**TASK ITEM:** Give again, word for word, the lines below that run from the line with "Lettiera portatile per" through the line with "연결이 확인되면 다음을". Drop the pictures.

**DATA SECTION:**
====

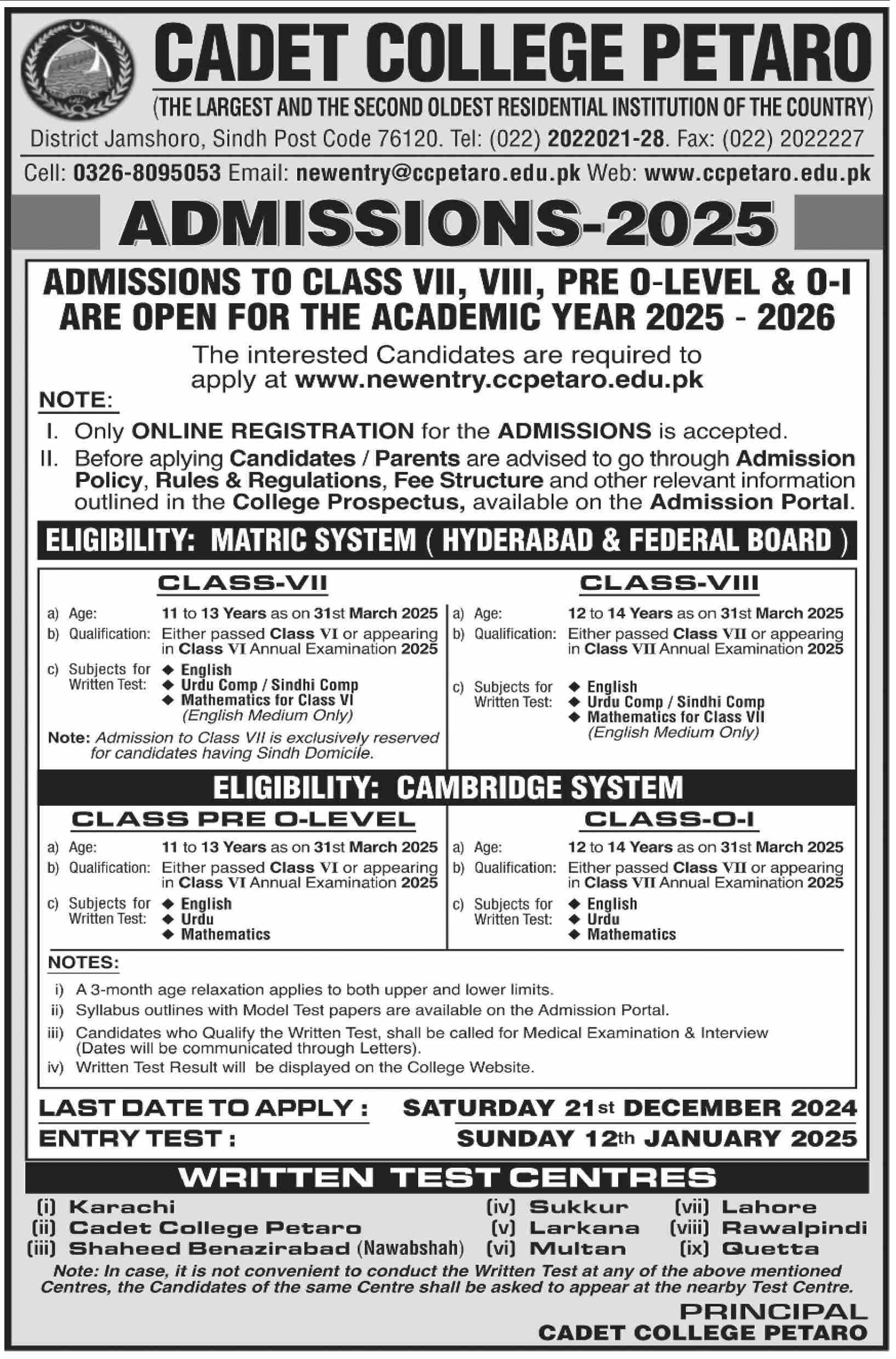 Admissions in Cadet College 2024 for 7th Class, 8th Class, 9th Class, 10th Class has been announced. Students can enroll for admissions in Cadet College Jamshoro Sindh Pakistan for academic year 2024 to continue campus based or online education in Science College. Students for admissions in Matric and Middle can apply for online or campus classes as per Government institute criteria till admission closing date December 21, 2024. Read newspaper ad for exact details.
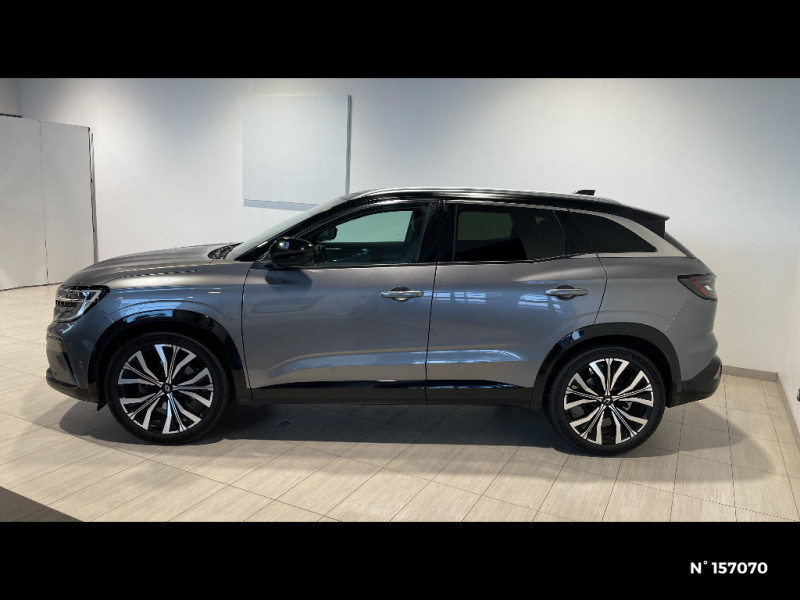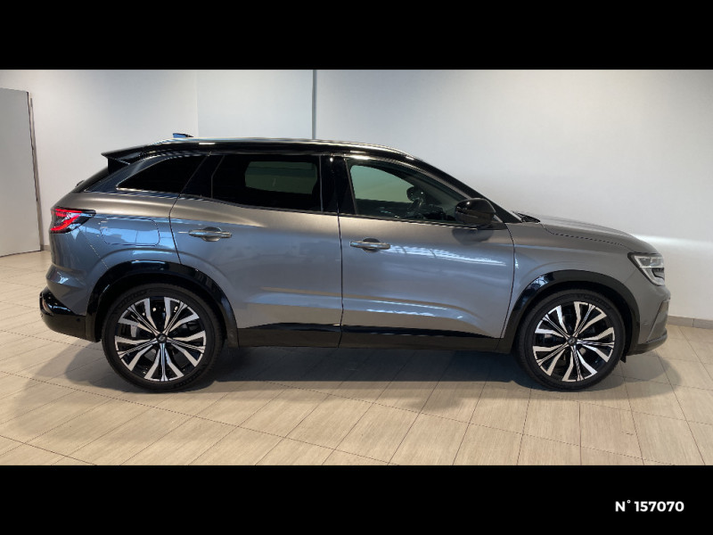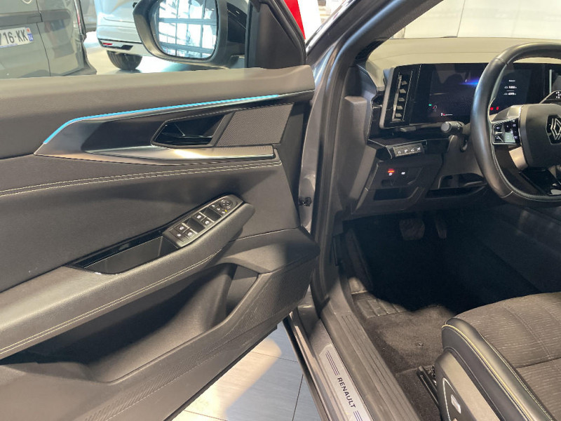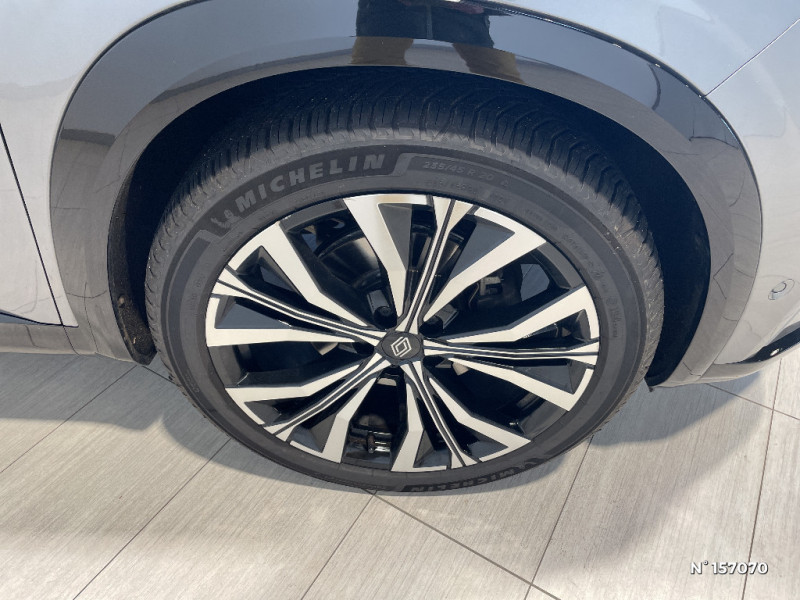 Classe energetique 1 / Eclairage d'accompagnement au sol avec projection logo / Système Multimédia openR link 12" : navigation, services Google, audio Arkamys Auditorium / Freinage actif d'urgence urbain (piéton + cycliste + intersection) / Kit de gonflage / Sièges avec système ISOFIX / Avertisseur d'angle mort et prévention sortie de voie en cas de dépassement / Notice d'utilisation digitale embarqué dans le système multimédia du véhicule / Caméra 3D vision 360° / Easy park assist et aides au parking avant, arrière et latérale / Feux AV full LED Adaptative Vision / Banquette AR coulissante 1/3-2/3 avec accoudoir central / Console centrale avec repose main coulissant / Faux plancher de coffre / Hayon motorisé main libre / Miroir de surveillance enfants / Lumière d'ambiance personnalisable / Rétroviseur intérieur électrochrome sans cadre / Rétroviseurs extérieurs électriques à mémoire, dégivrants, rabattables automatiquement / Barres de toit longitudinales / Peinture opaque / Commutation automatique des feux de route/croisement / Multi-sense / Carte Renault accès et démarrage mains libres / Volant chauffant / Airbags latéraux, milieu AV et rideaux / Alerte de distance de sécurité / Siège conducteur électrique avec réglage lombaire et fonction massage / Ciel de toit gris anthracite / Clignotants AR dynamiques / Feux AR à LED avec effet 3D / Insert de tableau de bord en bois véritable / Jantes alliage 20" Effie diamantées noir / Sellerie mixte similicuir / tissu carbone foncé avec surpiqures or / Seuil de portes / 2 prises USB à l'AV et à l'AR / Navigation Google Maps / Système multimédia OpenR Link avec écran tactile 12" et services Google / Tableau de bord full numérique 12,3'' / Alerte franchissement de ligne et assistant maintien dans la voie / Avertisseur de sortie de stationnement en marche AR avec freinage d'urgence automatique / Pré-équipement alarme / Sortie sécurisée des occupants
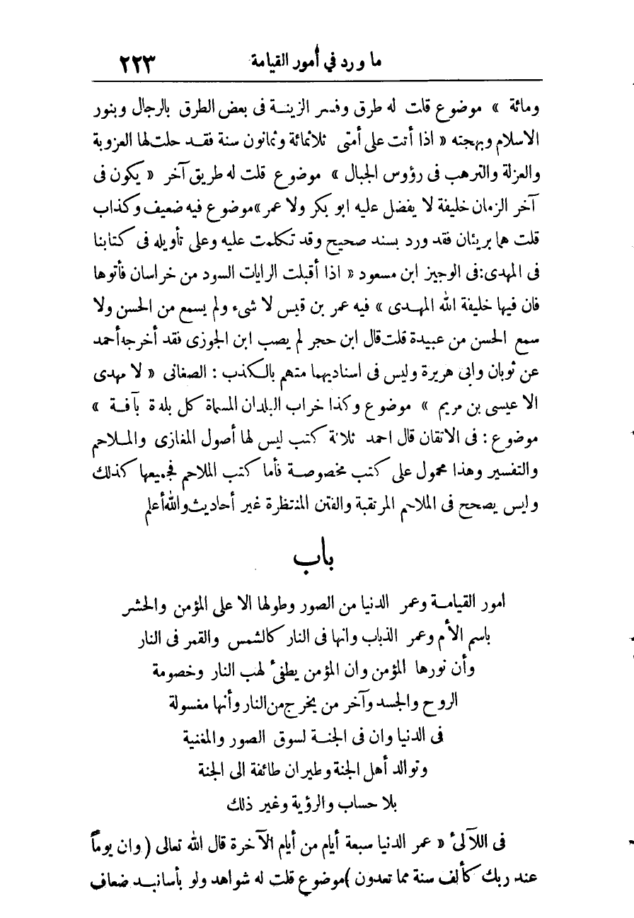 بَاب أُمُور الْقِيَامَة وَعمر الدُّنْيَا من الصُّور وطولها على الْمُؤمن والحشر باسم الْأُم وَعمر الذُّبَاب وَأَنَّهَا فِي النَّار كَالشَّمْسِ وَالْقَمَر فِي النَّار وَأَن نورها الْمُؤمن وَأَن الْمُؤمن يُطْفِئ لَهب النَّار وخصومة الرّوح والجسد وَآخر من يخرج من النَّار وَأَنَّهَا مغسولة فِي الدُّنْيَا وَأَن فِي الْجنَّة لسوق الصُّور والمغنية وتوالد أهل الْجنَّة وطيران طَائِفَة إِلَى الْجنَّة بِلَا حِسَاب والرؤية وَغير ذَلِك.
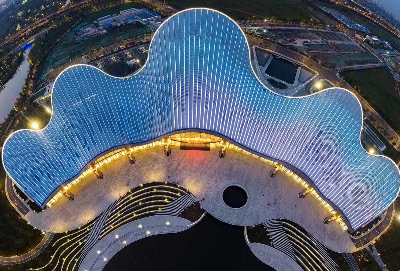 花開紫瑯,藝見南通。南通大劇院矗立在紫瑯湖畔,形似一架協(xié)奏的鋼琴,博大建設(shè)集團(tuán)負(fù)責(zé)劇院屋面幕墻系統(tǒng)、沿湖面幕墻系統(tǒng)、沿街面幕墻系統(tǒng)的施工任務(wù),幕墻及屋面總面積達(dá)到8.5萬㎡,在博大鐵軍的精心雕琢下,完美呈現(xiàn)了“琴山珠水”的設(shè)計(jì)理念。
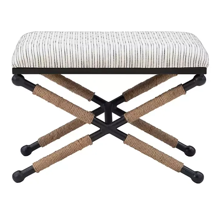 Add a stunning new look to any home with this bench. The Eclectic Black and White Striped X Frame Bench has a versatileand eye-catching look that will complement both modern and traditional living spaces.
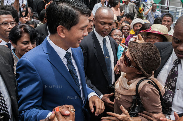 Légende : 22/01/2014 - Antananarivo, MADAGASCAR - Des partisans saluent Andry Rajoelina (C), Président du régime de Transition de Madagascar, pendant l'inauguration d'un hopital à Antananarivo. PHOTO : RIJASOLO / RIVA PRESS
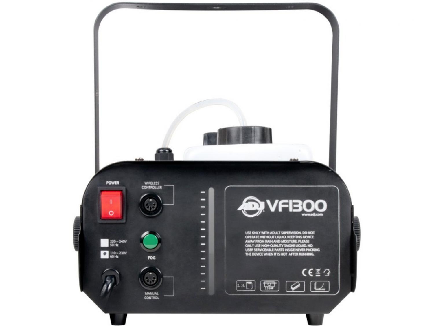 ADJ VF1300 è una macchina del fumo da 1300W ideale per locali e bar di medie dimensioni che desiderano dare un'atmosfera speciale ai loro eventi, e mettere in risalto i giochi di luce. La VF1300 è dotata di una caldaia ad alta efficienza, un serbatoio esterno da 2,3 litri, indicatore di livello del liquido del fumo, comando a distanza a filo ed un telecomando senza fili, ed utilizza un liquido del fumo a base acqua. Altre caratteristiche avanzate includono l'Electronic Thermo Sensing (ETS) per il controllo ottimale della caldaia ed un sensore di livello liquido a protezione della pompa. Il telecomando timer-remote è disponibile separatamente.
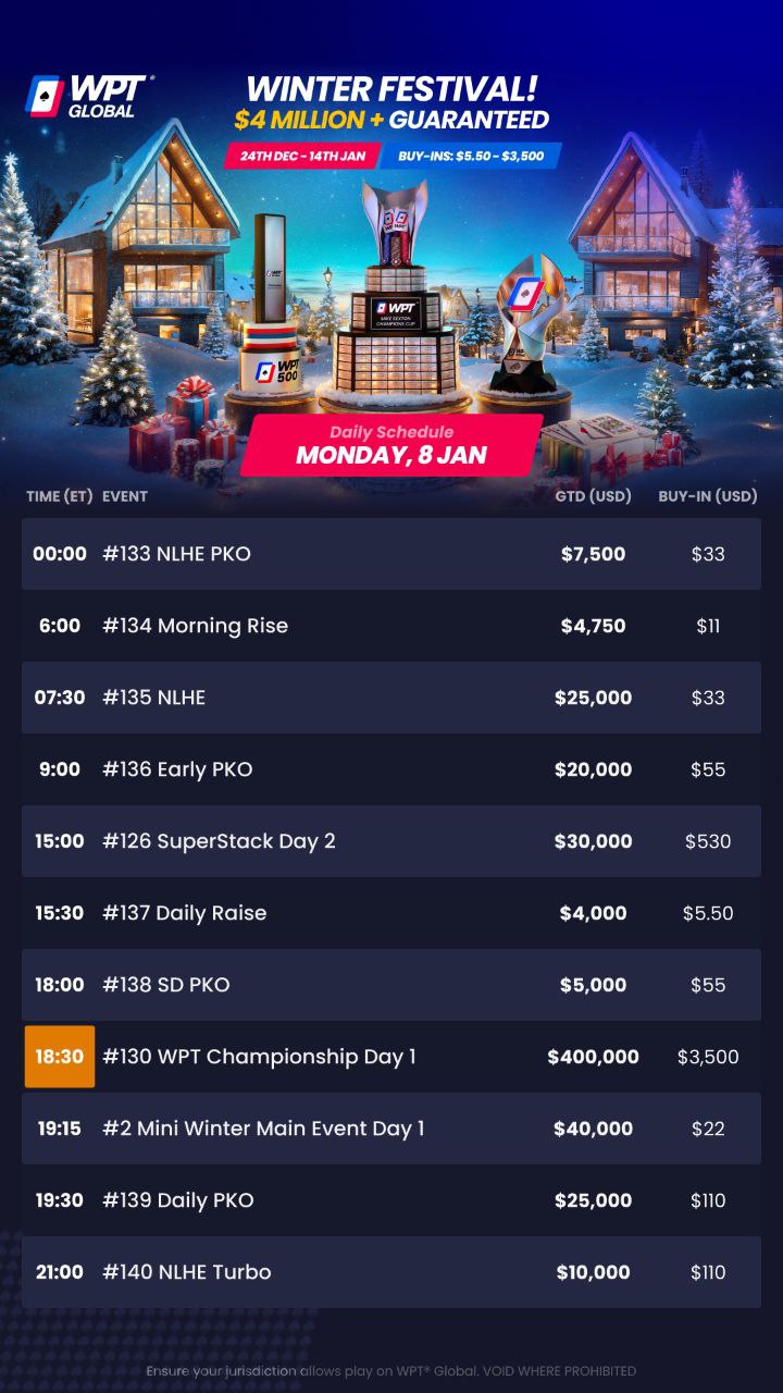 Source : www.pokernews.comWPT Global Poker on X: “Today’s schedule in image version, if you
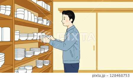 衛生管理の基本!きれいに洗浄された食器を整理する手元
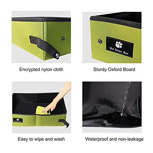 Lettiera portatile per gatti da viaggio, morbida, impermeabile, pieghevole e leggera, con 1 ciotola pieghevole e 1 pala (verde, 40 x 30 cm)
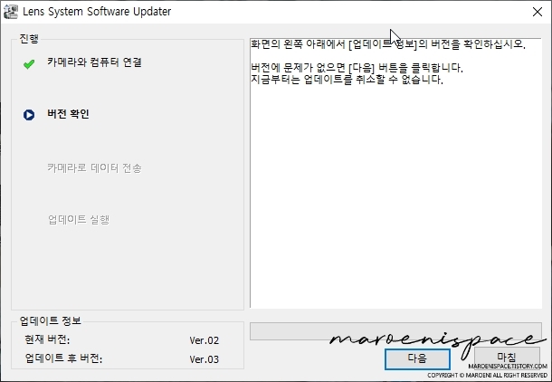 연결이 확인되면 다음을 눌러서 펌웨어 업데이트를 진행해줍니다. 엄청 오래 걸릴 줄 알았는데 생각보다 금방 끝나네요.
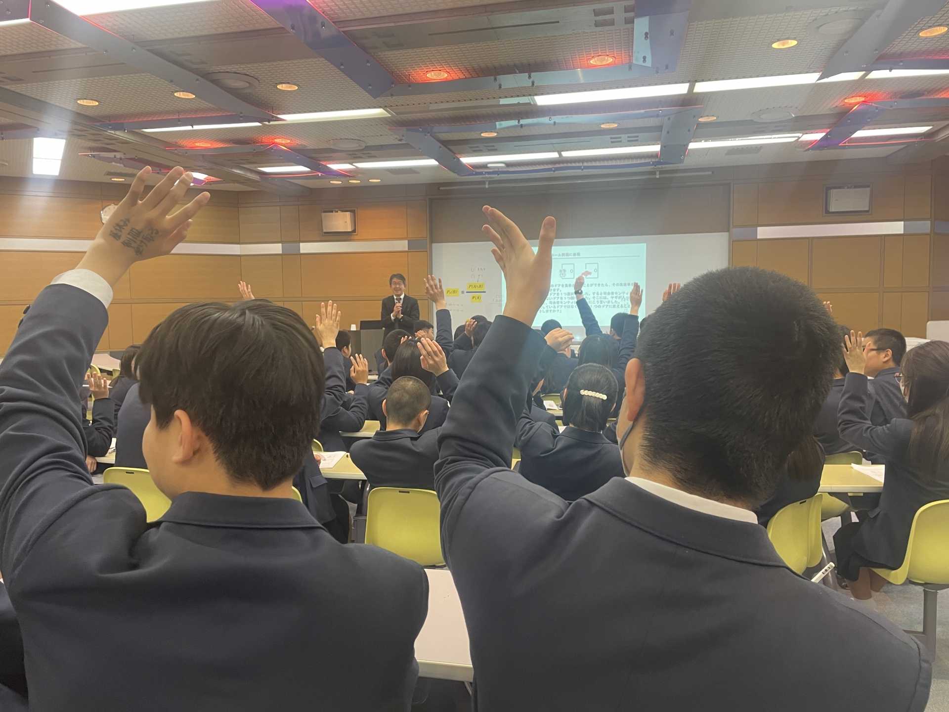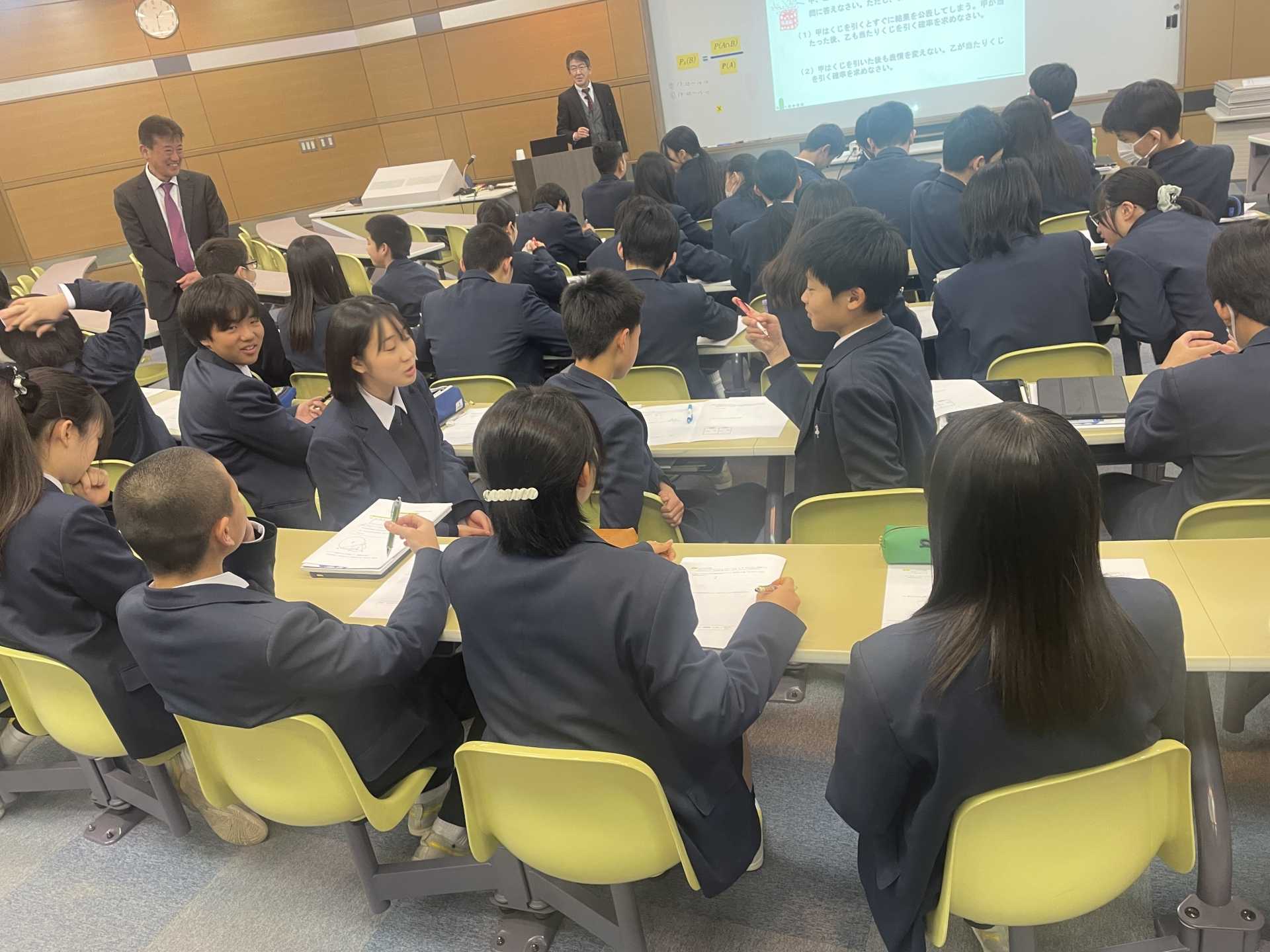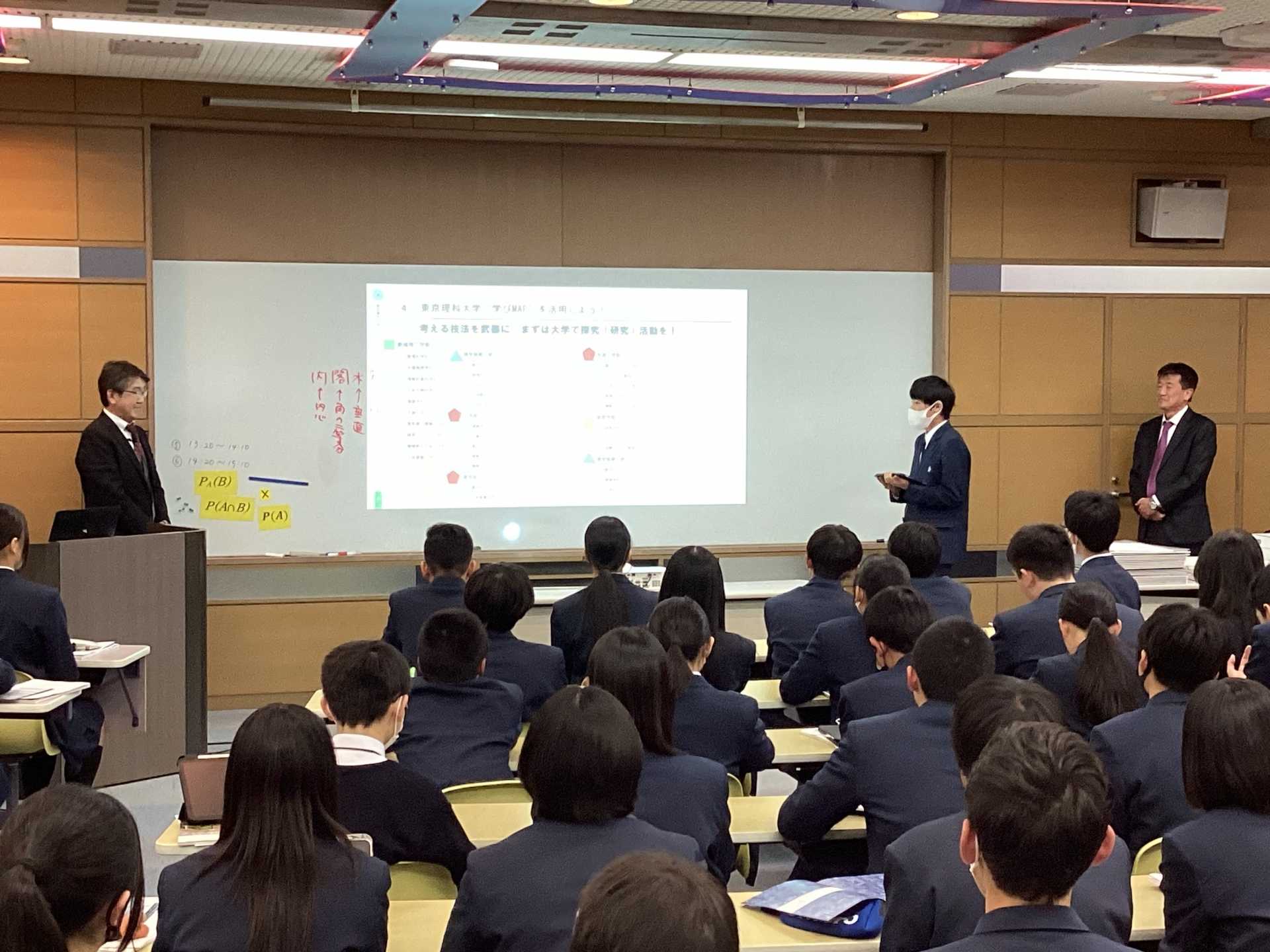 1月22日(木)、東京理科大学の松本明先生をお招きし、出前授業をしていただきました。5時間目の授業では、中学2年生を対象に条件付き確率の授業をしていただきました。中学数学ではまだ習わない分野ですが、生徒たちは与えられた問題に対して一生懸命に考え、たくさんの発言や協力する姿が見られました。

====

**ANSWER TO THIS PROBLEM:**
 Lettiera portatile per gatti da viaggio, morbida, impermeabile, pieghevole e leggera, con 1 ciotola pieghevole e 1 pala (verde, 40 x 30 cm)
 연결이 확인되면 다음을 눌러서 펌웨어 업데이트를 진행해줍니다. 엄청 오래 걸릴 줄 알았는데 생각보다 금방 끝나네요.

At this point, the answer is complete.